Have you read the doc on this?
> https://github.com/openbmc/bmcweb/blob/master/OEM_SCHEMAS.md
> 
> To paraphrase, the above doesn't say "no OEM schemas in
> upstream".  It says "OEM schema features need to be discussed in the
> relevant communities".  This policy as written was attempting to be
> similar to our policy on systemd, linux, ect.

IBM has had quite a bit of success adding additional features to 
Redfish.
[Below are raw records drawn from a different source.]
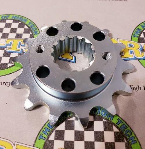 This is Not gear-hobbed like other sprockets insuring the teeth fit precisely on the chain rollers insuring maximum chain/sprocket life along with a more efficient power transmission. It is lightened with drilled holes to save on rotating mass. Every lb of rotating mass equates to a 4 lb weight reduction. It is case hardened to Rc 58-60 and finished with a silver zinc plating for added durability/protection from corrosion.
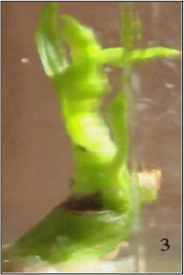 1-2: Direct shoot regeneration in 2 and 3 mg/l Kinetin after 6weeks.
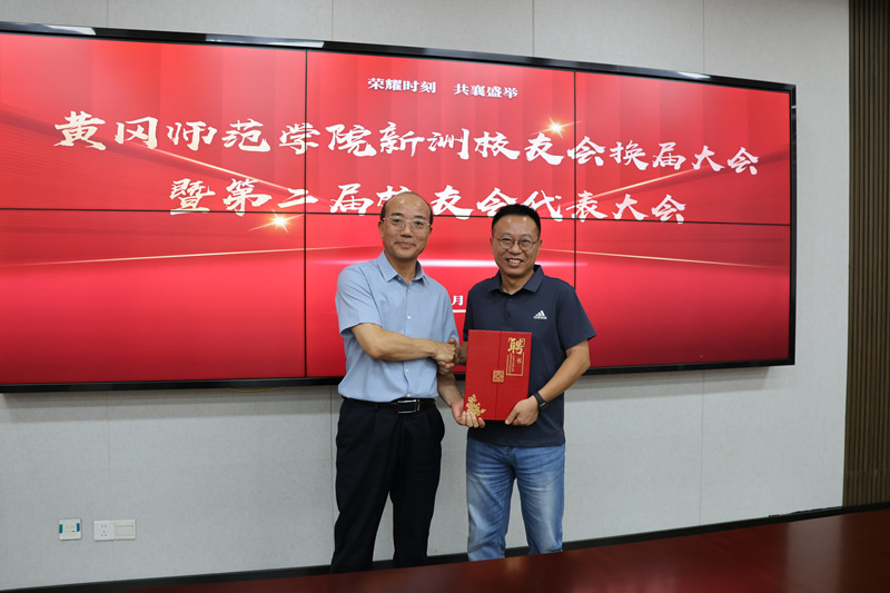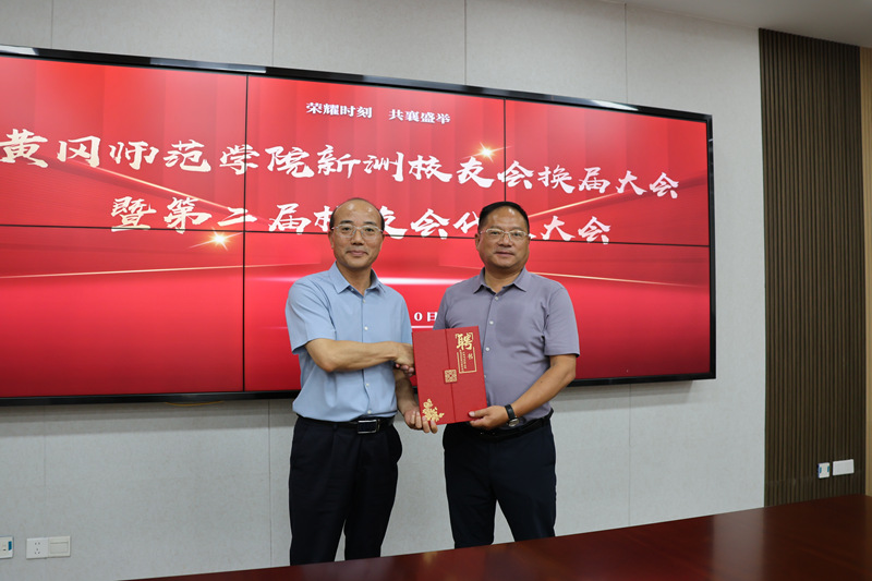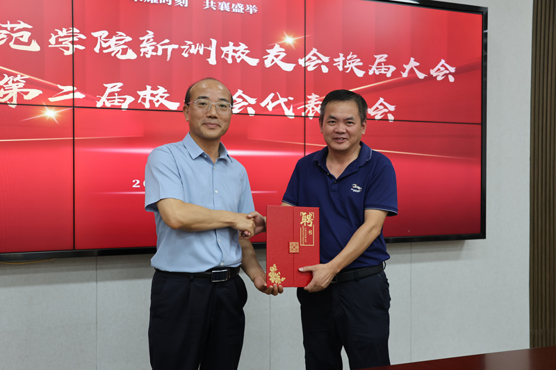 夏庆利向新当选的第二届理事会领导机构成员颁发聘书,并对新洲校友会成功换届表示祝贺。
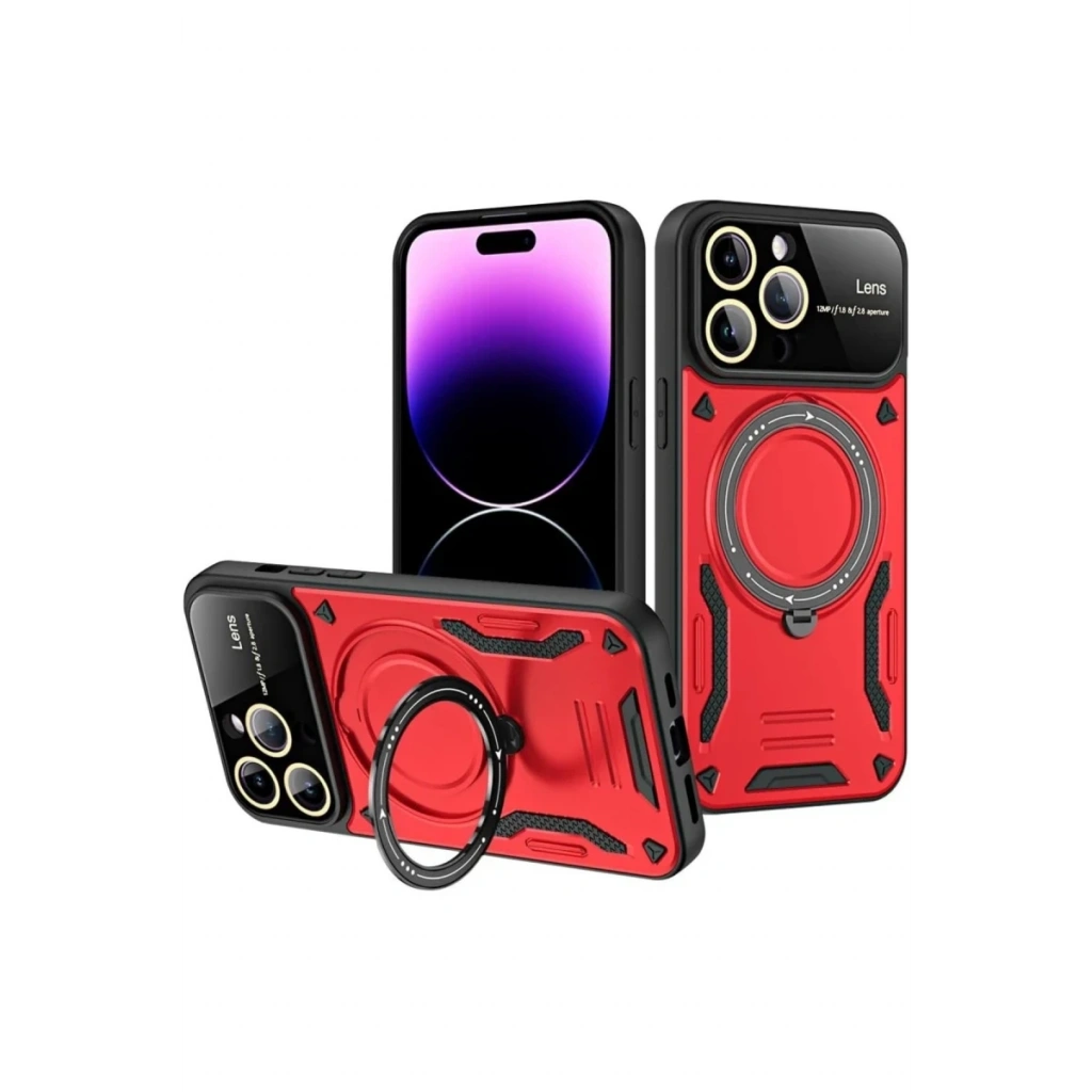 Newface iPhone 16 Pro Max Kılıf Joy Lens Standlı Kapak - Kırmızı
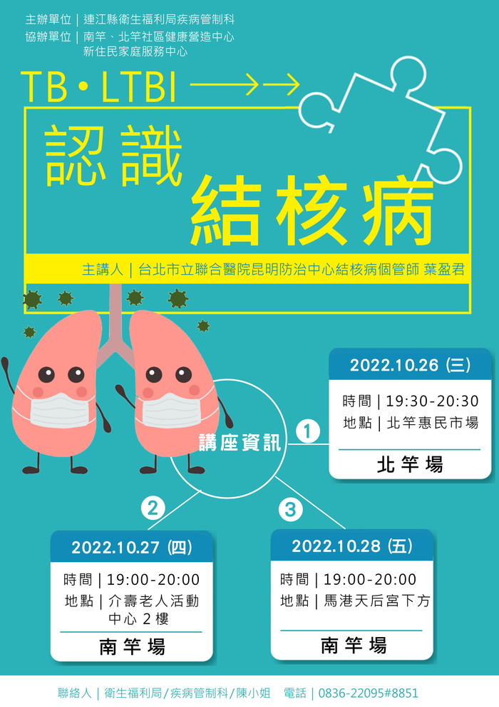 10/26-10/28認識肺結核講座 --閱讀人次 : 755 現今仍有很多人對肺結核疾病存在著:「現在還有肺結核嗎?我只是感冒,肺結核應該離我很遠吧!」的誤解觀念。事實上每年均有逾萬名新發病個案產生,顯示其嚴重性比所有其他傳染病的總和還大。有鑑於此,特邀請台北市立聯合醫院昆明防治中心結核病個管師舉辦「認識肺結核」生活保健講座。
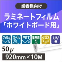 メモや掲示に使えるホワイトボード化フィルム ホワイトボード用 ラミネートフィルム(業務用ロール) PET グロス UV効果 厚み50μ 920mm×10M
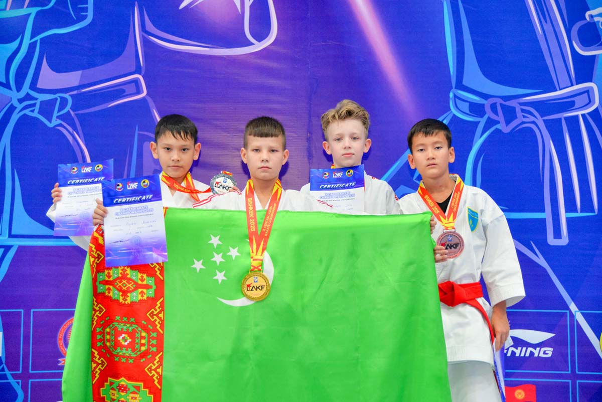 Ahal welaýatynyň Gökdepe etrabyndaky 1-nji ýöriteleşdirilen orta mekdebiň okuwçysy Öwezmyrat Sapadurdyýew (14 ýaşa çenli oglanlaryň arasynda, tälimçisi S.Setdarow) we Aşgabat şäherindäki 55-nji orta mekdebiň 11-nji synp okuwçysy Dawut Saryýew (17 ýaşa çenli ýetginjekleriň arasynda, tälimçi B.Ýalkabow) kümüş medal gazandylar. Olaryň ikinjisi, WKF-iň düzgünlerine laýyklykda, uly ýaşly türgenleriň arasynda (18 ýaşdan uly) bäsleşige goýberildi we ýene bürünç medal hem gazandy.
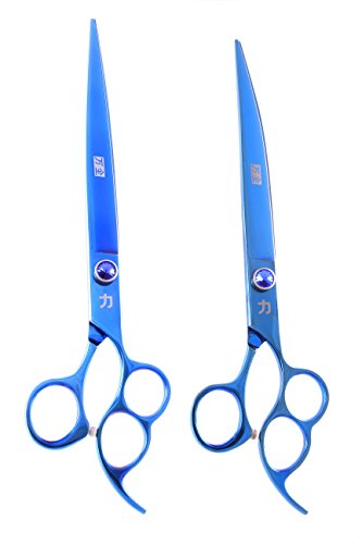ShearsDirect SET-PS-4N 2 Piece Japanese Stainless Steel Straight & Curved Shear, 8", Blue/Titanium
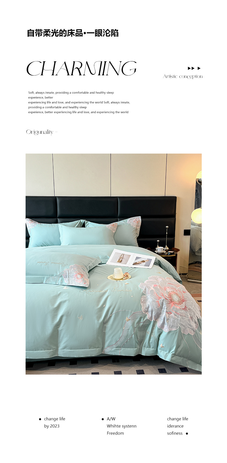 (总)理想家家纺 2025新款纯棉轻奢刺绣四件套-小秘密系列场景二,小秘密 粉,小秘密 黄,小秘密 蓝
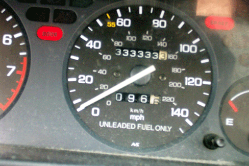 As some of you know, the trusty Kevmobile (a 1991 Acura Integra, if you're keeping score at home) has been with me for many years and many miles. On August 2, 2002, it hit an amazing (literal) milestone: 333,333.3 miles--a third of the way to a million! Here's a picture of the odometer to prove it (no PhotoShop, no doctoring of any kind):
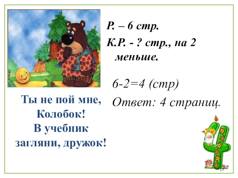 7 – 2 = _ 4 – 3 = _
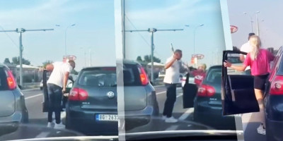 Kako je prikazano, u blizini Ade Ciganlije, dva muškarca su izleteli iz automobila i sa palicom u rukama nasrnuli na devojku koja je vozila automobil.
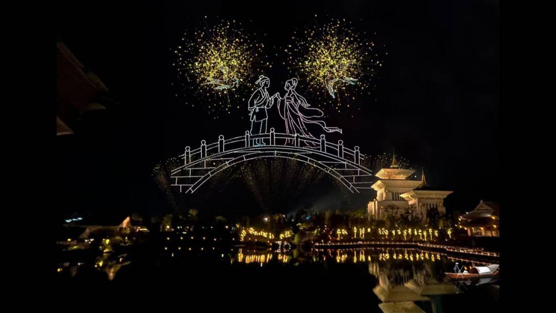 无人机焰火遇见非遗国潮 东山问梅村春节玩转科技+文化
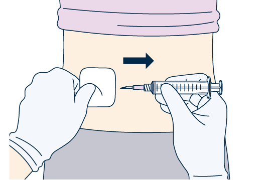 ④注射部位(腹部又は大腿部)の皮膚を優しくつまみ、皮膚の「テント」を作ります。皮膚の「テント」の真ん中に針穴を上にして針を45度~90度の角度で優しく刺します。
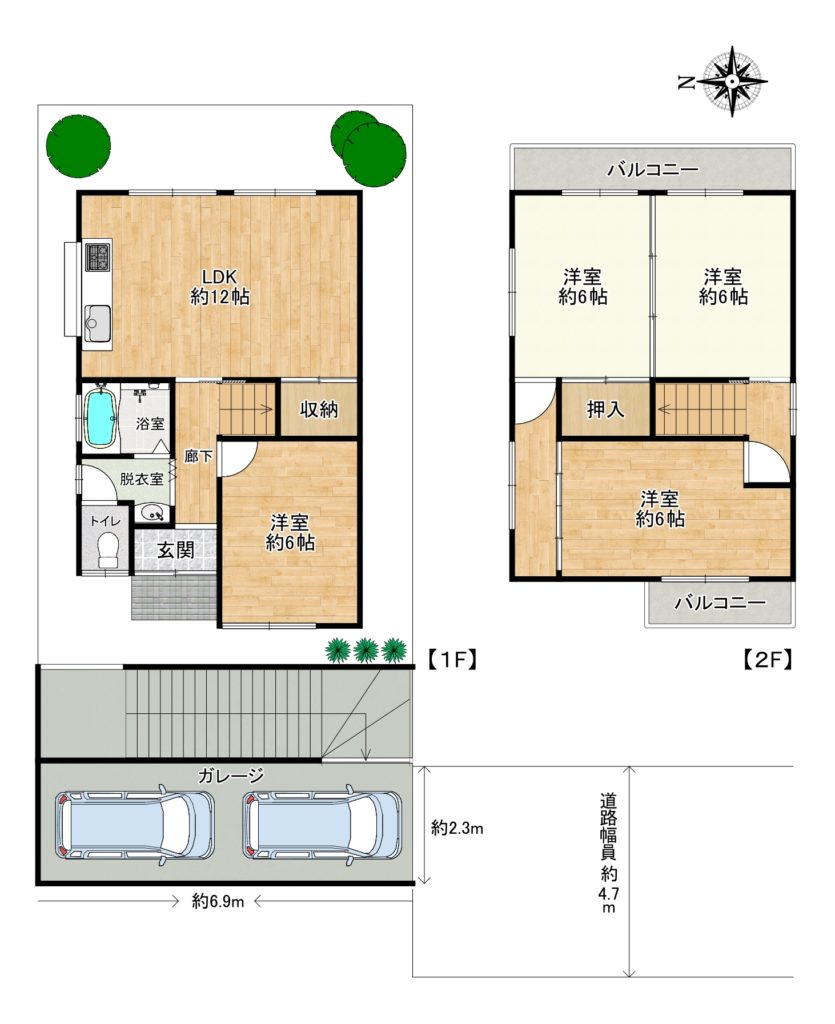 ●所有権●地目/宅地●道路南側(私道)幅員約4.7m(位置指定道路)
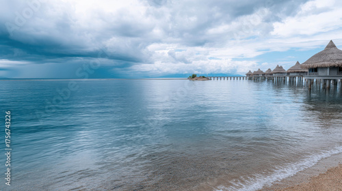 © Gun, Fototapeta premium Tranquil Turquoise Ocean Scene with Gentle Rolling Waves Under a Cloudy Sky and Overwater Bungalows on the Horizon
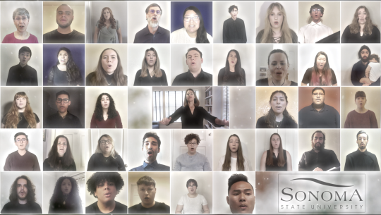 Members of our Sonoma State University Concert Choir and our premier choral ensemble, SonoVoce, beautifully perform "Glow" by composer, Eric Whitacre.
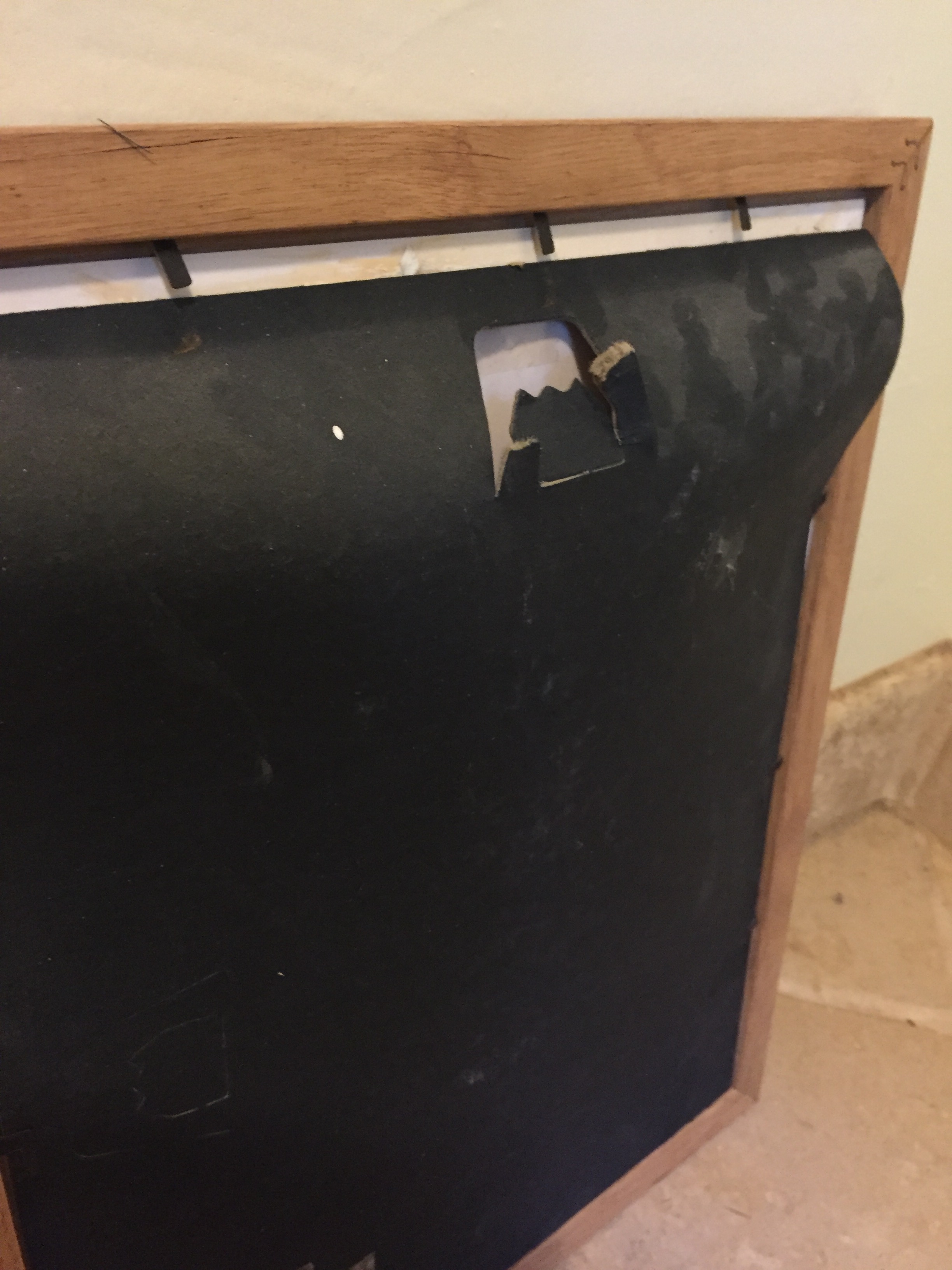 So, it’s been literally years. And remember there is no going back; it’s all in the rear view mirror no matter what. I make a good sound choice to move forward, a decision it’s time to move out of the “nun” role and invited a good friend to share our birthday celebration weekend here at the cabin. The cabin where my husband died, (in what feels like ages ago due to the multitudinous challenges with his company since his death.) Okay, you’re getting the picture. We are in the shower; Mr C gets out and is drying near the sink. I’m still in the shower. And no I’m not giving nitty gritty details. All of a sudden at that exact moment, the picture on the wall falls, slamming to the floor. A piece of hook from the back of the picture is still on the wall. See exhibit A below. And the back of the photo looks like it’s been literally pulled hard off the wall. See exhibit B. It’s pretty up front and real. The picture just gave way at that exact fortitudinous moment after all these years or it had help? You decide.
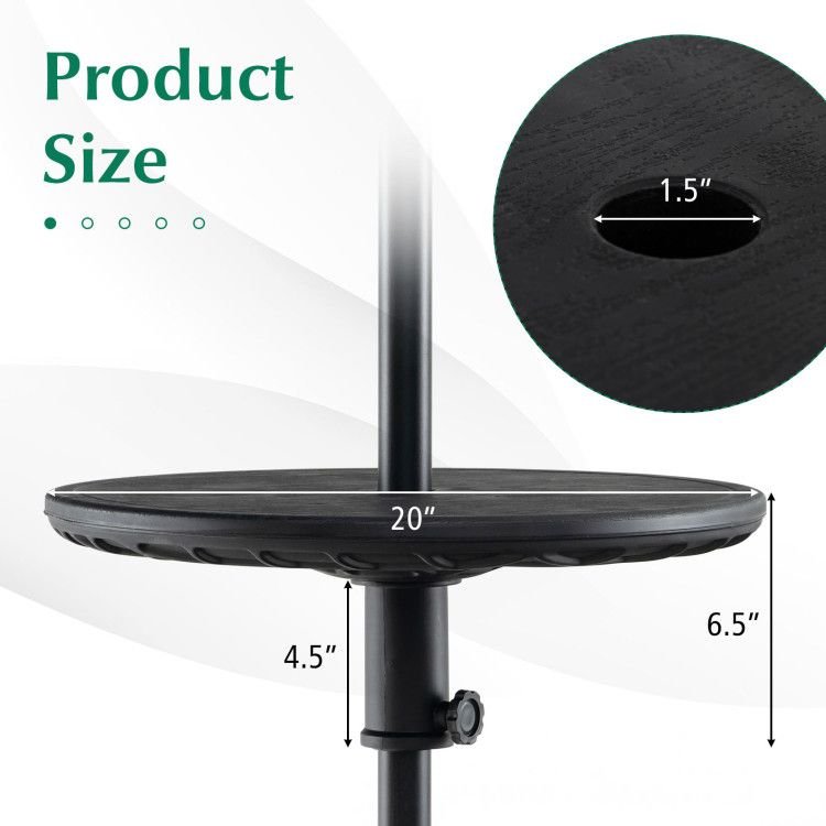 1.Wide and Height Adjustable Design: The 20" umbrella table provides sufficient space to keep your drinks, phone and snacks in place. Equipped with an adaptor to tighten the umbrella, the patio umbrella tray fits the patio umbrella with 1.5" pole. In addition, you can set the round table tray at any height you prefer.
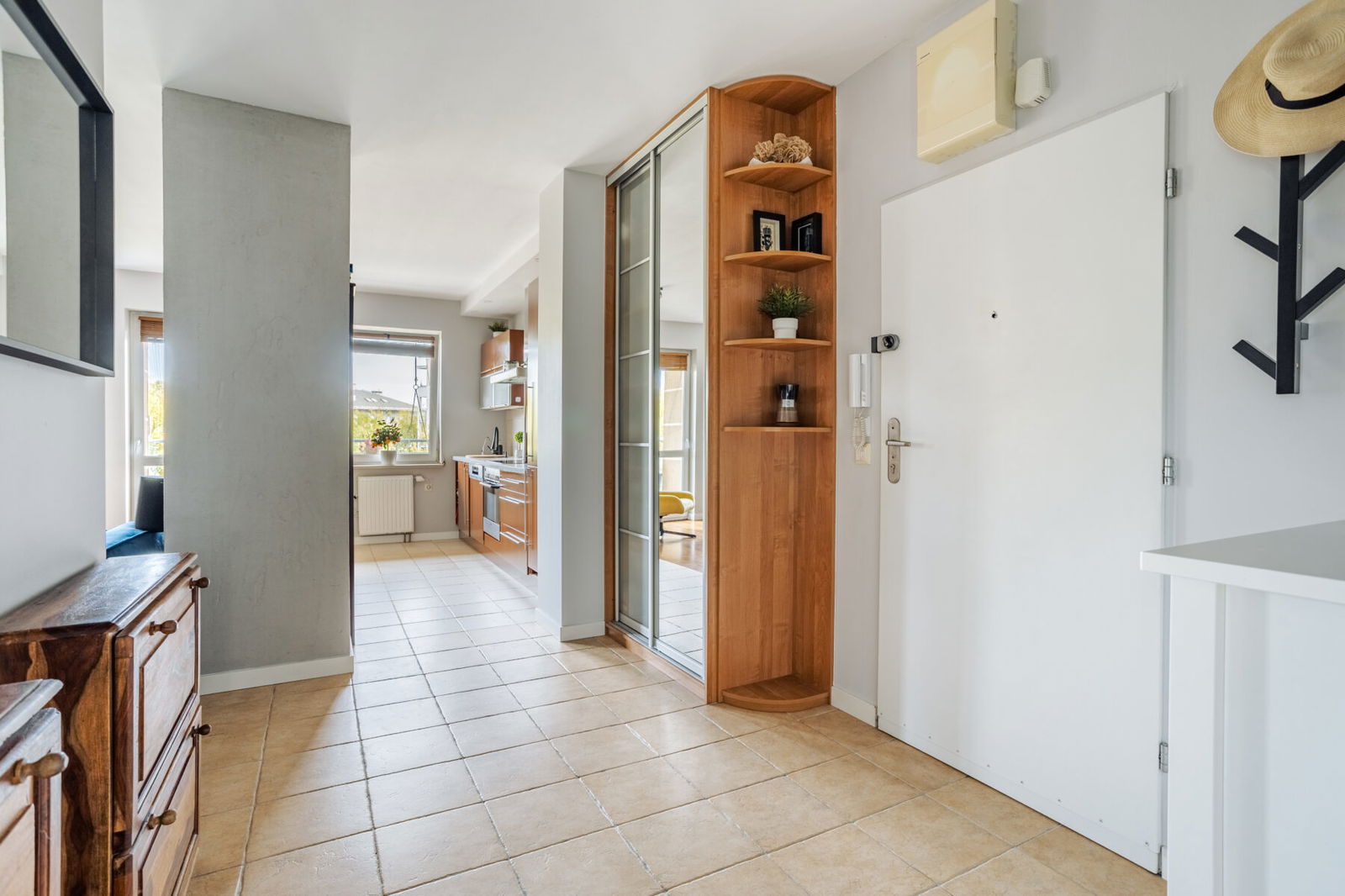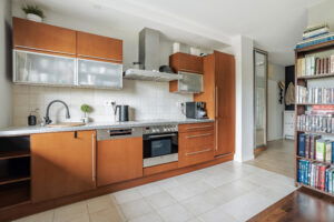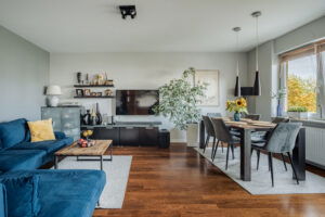 Sercem mieszkania jest przestronny salon o powierzchni 23 m² z wyjściem na loggię – doskonałą do relaksu. Salon płynnie łączy się z widnym aneksem kuchennym (9 m²) z zabudową wykonaną na wymiar. Okna kuchni wychodzą na wschód, zapewniając naturalne światło od porannych godzin.

Anyone can post to https://redfishforum.com/ and Redfish member 
companies can open issues, attend meetings, and submit PRs.

After adding to Redfish, the bmcweb code is a lot more straightforward. 
For example, we got IdlePowerSave added to the 2021.2 Redfish release, 
the bmcweb commit then doesn't involve much schema discussion and can 
move faster https://gerrit.openbmc-project.xyz/c/openbmc/bmcweb/+/47776

Thanks,
Gunnar


^ permalink raw reply	[flat|nested] 7+ messages in thread

* Re: bmcweb non-standard OEM integration
  2021-10-27 16:22 ` Ed Tanous
  2021-10-27 20:42   ` Gunnar Mills
@ 2021-10-27 22:28   ` Ed Tanous
  2021-10-28 23:05     ` Vernon Mauery
  2021-10-28 22:56   ` Vernon Mauery
  2 siblings, 1 reply; 7+ messages in thread
From: Ed Tanous @ 2021-10-27 22:28 UTC (permalink / raw)
  To: Vernon Mauery; +Cc: Development list for OpenBMC

On Wed, Oct 27, 2021 at 9:22 AM Ed Tanous <edtanous@google.com> wrote:
>
> On Tue, Oct 26, 2021 at 9:37 PM Vernon Mauery
> <vernon.mauery@linux.intel.com> wrote:
> >
> >
> > We want to move away from patches.
>

Given this is your goal, let's enumerate these patches to see if
there's a way to get the easy ones knocked out, and get next steps for
all of them.  Overall, I see a lot of half-finished things, or things
that the submitters abandoned immediately after opening the patchset
upstream.  A lot of them could be upstreamed with pretty minimal
rebase and rework.

As a layman's analysis of this, most of the problems don't seem to be
OEM schemas, and fall into a couple categories:
1. Patches already on master, just need to rebase.
2. Standard features that make assumptions about specific addresses,
parts, and names on Intel systems.  I'm not sure how we would get
these into upstream given that we need to support more flash chips and
naming conventions than just those that Intel uses.
3. Patchsets that reimplement things that exist in the standard.  I
think in general we don't want to duplicate things already covered in
the standard, but I'm happy to have a discussion if your opinion
differs.
4. Patchsets that were submitted, then after review never received any
other response from the submitter.  In some cases these just required
minor rework to make them usable on master, then would've been fine.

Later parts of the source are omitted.